Supplied information:
-------

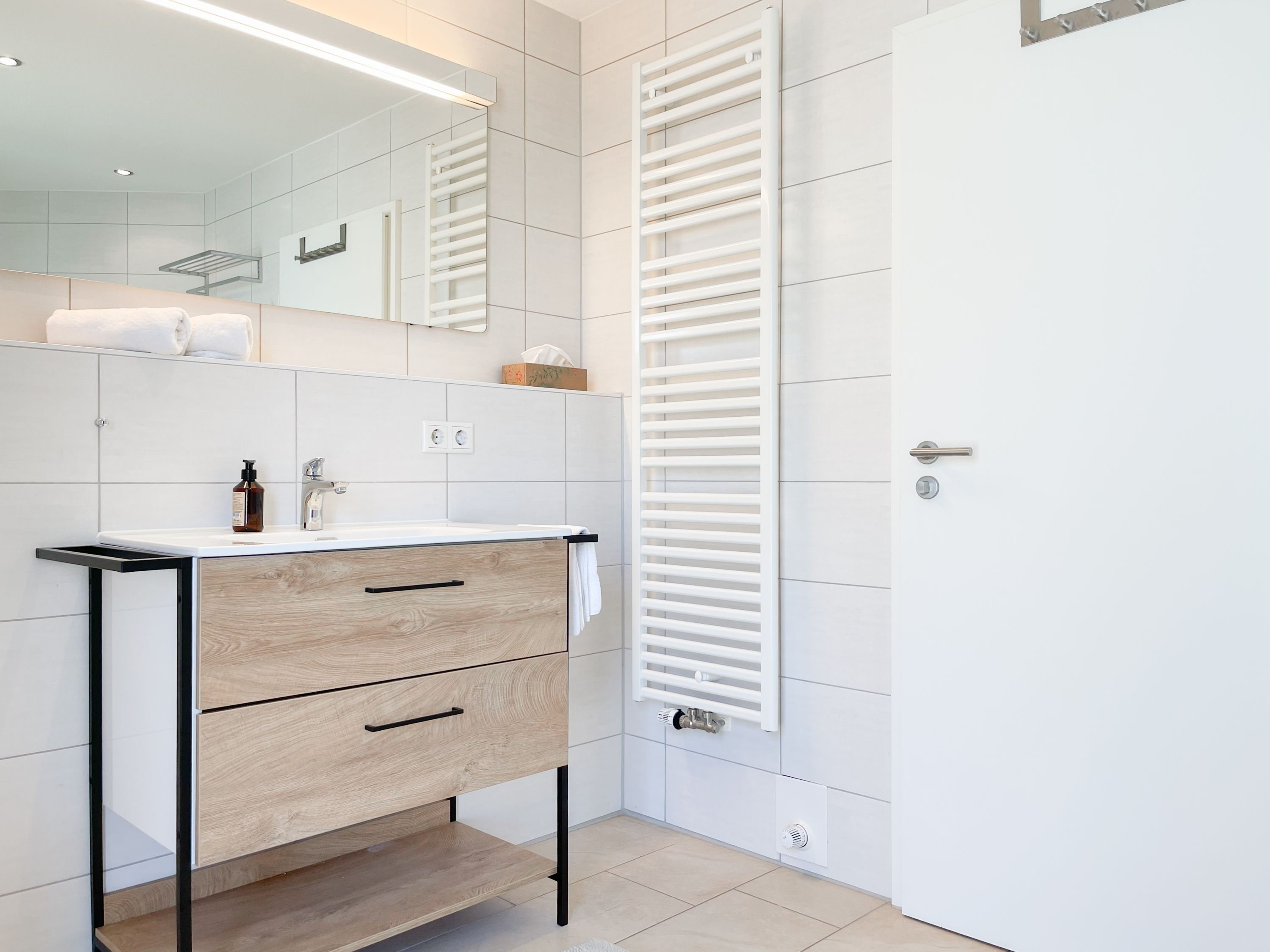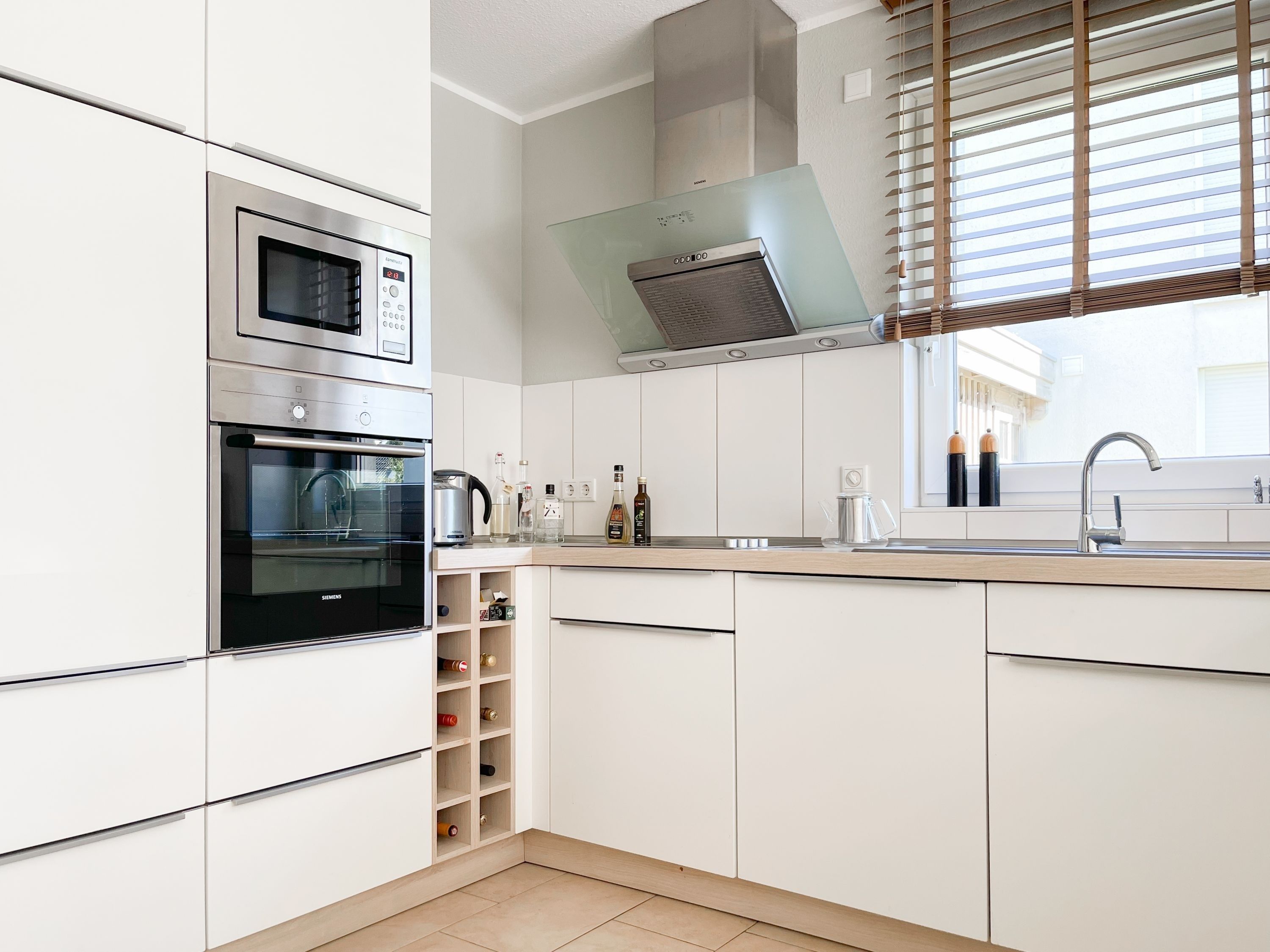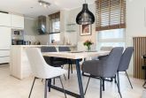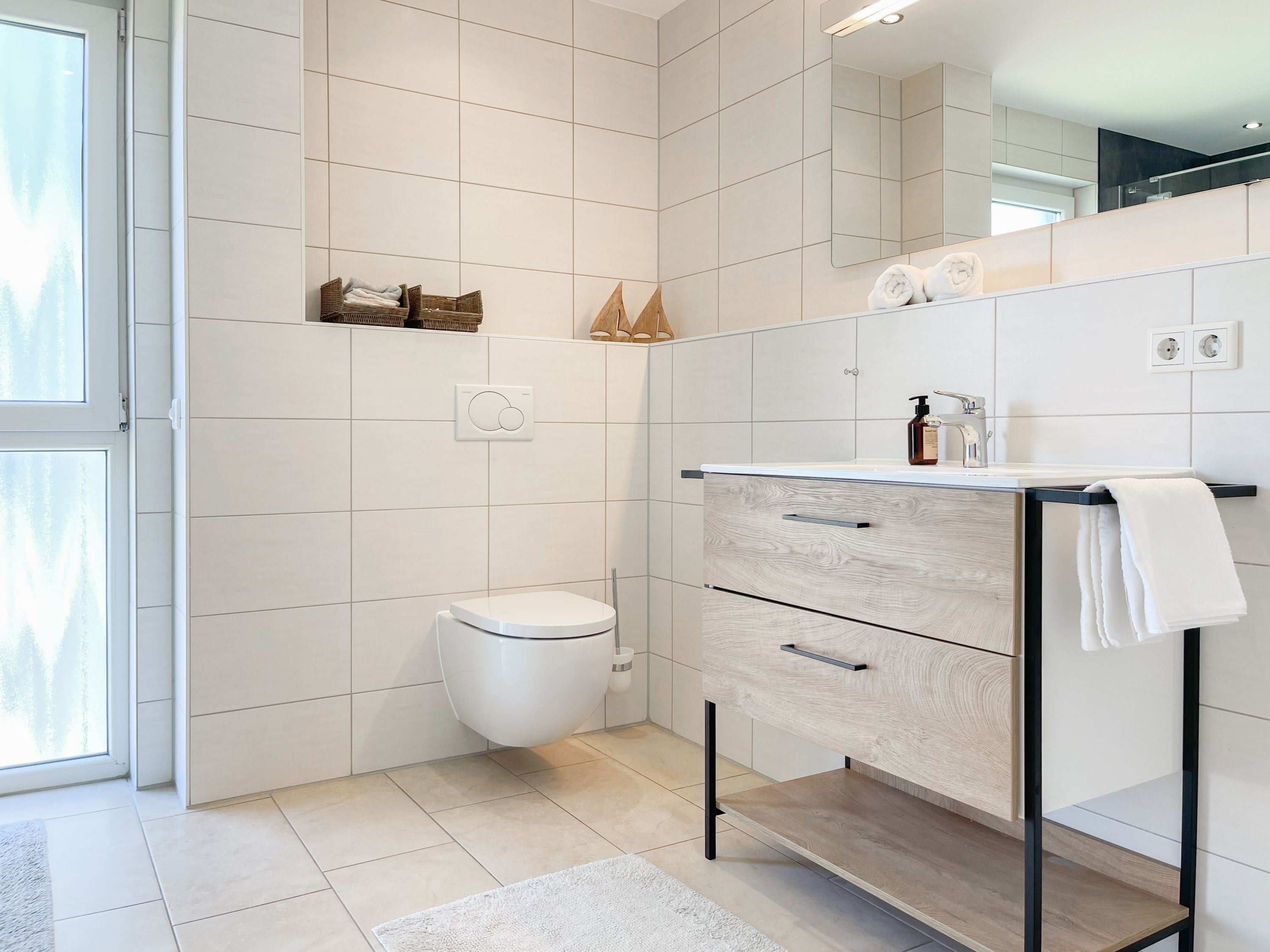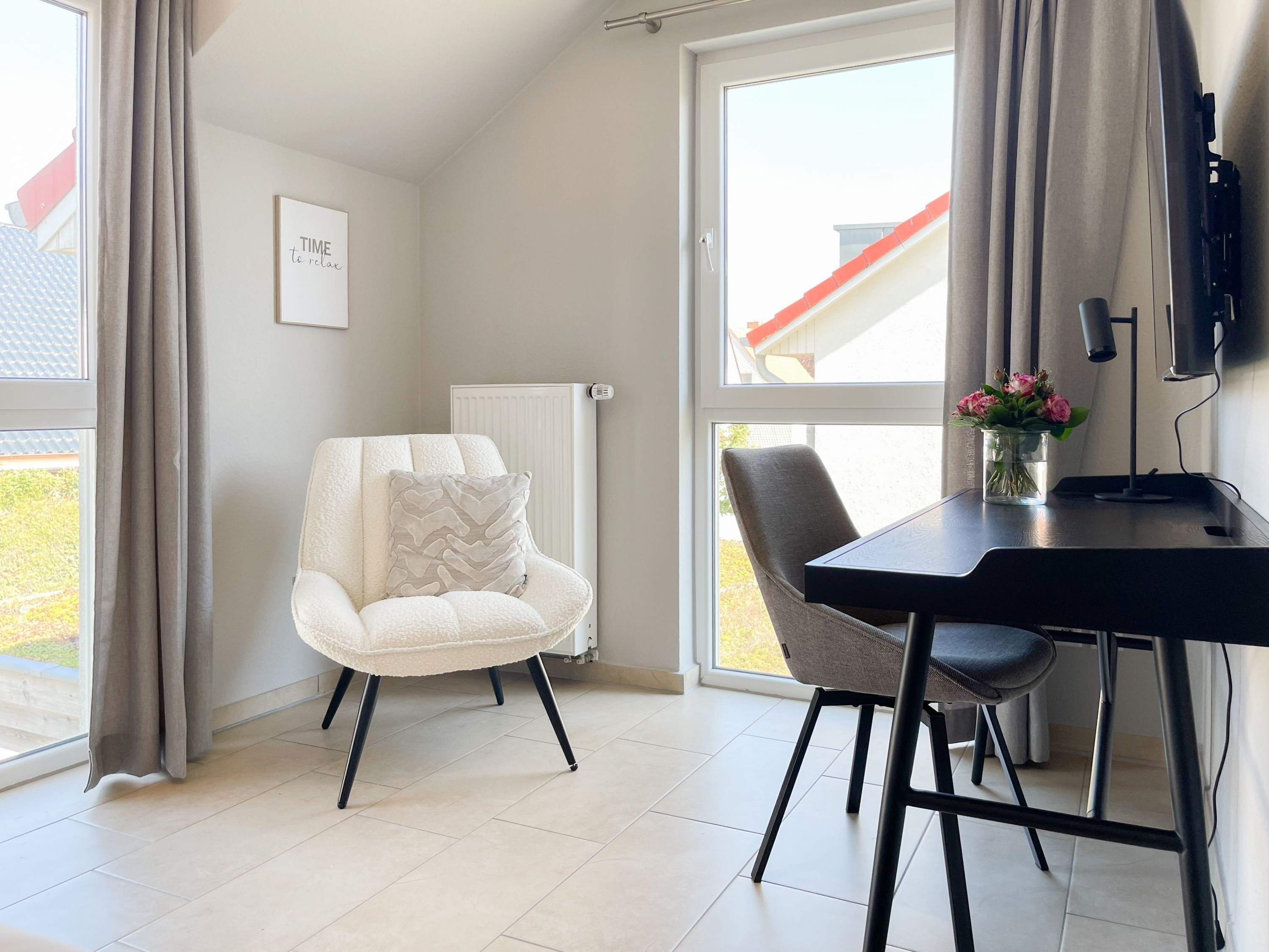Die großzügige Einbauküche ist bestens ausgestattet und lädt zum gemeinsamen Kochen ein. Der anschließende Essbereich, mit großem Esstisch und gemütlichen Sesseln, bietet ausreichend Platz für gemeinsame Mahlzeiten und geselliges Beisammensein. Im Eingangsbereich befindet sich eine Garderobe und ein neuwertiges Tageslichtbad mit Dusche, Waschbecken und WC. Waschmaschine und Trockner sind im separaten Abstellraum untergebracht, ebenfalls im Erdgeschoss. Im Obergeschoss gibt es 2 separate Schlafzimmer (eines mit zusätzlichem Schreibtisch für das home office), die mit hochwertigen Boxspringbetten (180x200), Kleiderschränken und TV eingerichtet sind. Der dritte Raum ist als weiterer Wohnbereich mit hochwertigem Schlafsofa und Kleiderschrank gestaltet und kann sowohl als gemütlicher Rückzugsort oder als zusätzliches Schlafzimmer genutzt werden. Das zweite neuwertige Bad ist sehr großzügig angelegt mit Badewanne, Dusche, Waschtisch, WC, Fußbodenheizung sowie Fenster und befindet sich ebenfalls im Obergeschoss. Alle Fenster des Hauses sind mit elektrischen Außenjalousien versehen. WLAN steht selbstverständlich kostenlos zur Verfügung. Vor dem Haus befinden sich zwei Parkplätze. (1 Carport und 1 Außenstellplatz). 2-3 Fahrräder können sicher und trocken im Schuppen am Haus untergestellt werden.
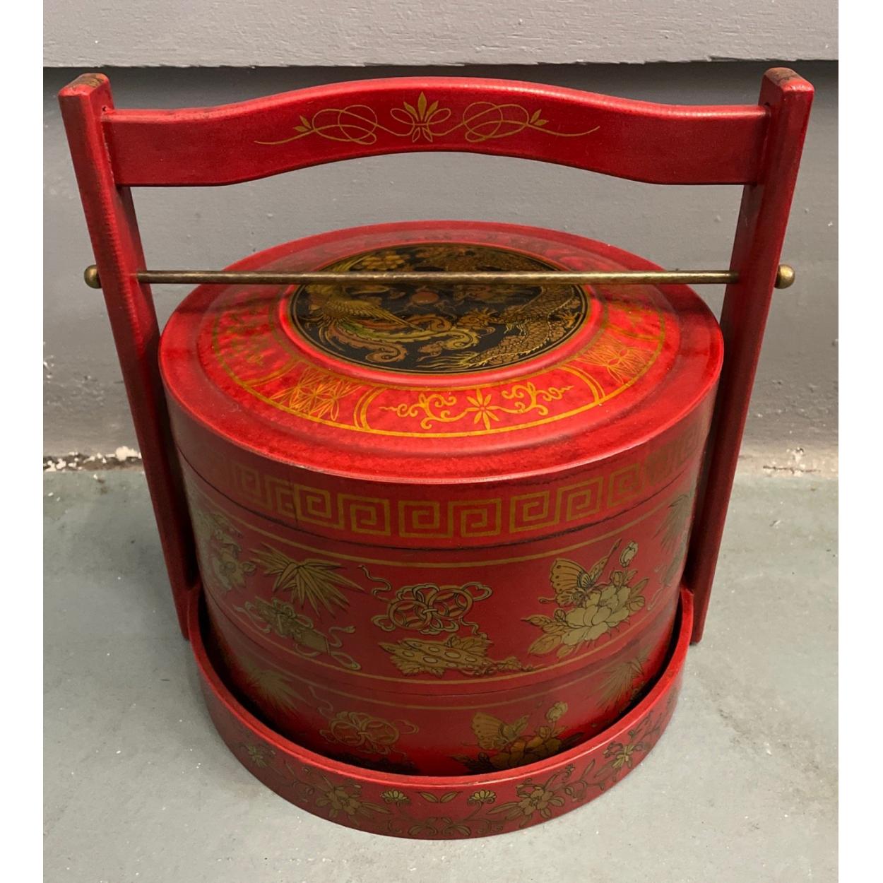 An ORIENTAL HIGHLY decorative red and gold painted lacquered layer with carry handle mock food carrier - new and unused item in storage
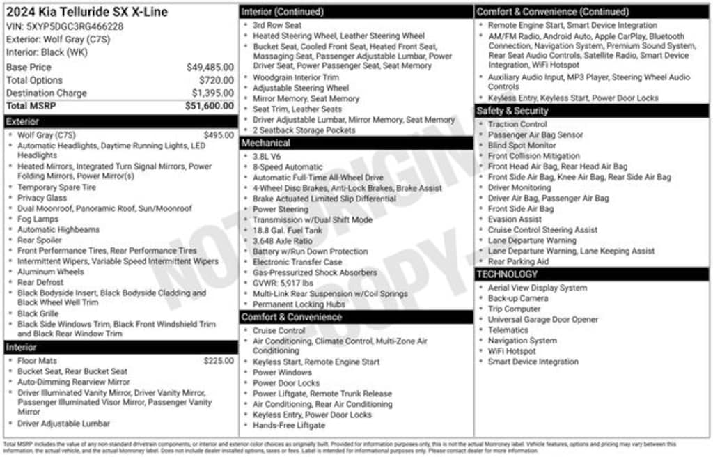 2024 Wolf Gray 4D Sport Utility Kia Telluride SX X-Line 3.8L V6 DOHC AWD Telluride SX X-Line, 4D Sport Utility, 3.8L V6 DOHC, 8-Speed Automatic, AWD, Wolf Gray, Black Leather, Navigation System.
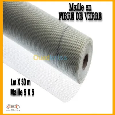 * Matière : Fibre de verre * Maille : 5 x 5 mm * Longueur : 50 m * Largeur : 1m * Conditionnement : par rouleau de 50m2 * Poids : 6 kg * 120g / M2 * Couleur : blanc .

-------

What needs to be done:
Reproduce each line above precisely, with no pictures.

Answer to this exercise:
Die großzügige Einbauküche ist bestens ausgestattet und lädt zum gemeinsamen Kochen ein. Der anschließende Essbereich, mit großem Esstisch und gemütlichen Sesseln, bietet ausreichend Platz für gemeinsame Mahlzeiten und geselliges Beisammensein. Im Eingangsbereich befindet sich eine Garderobe und ein neuwertiges Tageslichtbad mit Dusche, Waschbecken und WC. Waschmaschine und Trockner sind im separaten Abstellraum untergebracht, ebenfalls im Erdgeschoss. Im Obergeschoss gibt es 2 separate Schlafzimmer (eines mit zusätzlichem Schreibtisch für das home office), die mit hochwertigen Boxspringbetten (180x200), Kleiderschränken und TV eingerichtet sind. Der dritte Raum ist als weiterer Wohnbereich mit hochwertigem Schlafsofa und Kleiderschrank gestaltet und kann sowohl als gemütlicher Rückzugsort oder als zusätzliches Schlafzimmer genutzt werden. Das zweite neuwertige Bad ist sehr großzügig angelegt mit Badewanne, Dusche, Waschtisch, WC, Fußbodenheizung sowie Fenster und befindet sich ebenfalls im Obergeschoss. Alle Fenster des Hauses sind mit elektrischen Außenjalousien versehen. WLAN steht selbstverständlich kostenlos zur Verfügung. Vor dem Haus befinden sich zwei Parkplätze. (1 Carport und 1 Außenstellplatz). 2-3 Fahrräder können sicher und trocken im Schuppen am Haus untergestellt werden.
 An ORIENTAL HIGHLY decorative red and gold painted lacquered layer with carry handle mock food carrier - new and unused item in storage
 2024 Wolf Gray 4D Sport Utility Kia Telluride SX X-Line 3.8L V6 DOHC AWD Telluride SX X-Line, 4D Sport Utility, 3.8L V6 DOHC, 8-Speed Automatic, AWD, Wolf Gray, Black Leather, Navigation System.
 * Matière : Fibre de verre * Maille : 5 x 5 mm * Longueur : 50 m * Largeur : 1m * Conditionnement : par rouleau de 50m2 * Poids : 6 kg * 120g / M2 * Couleur : blanc .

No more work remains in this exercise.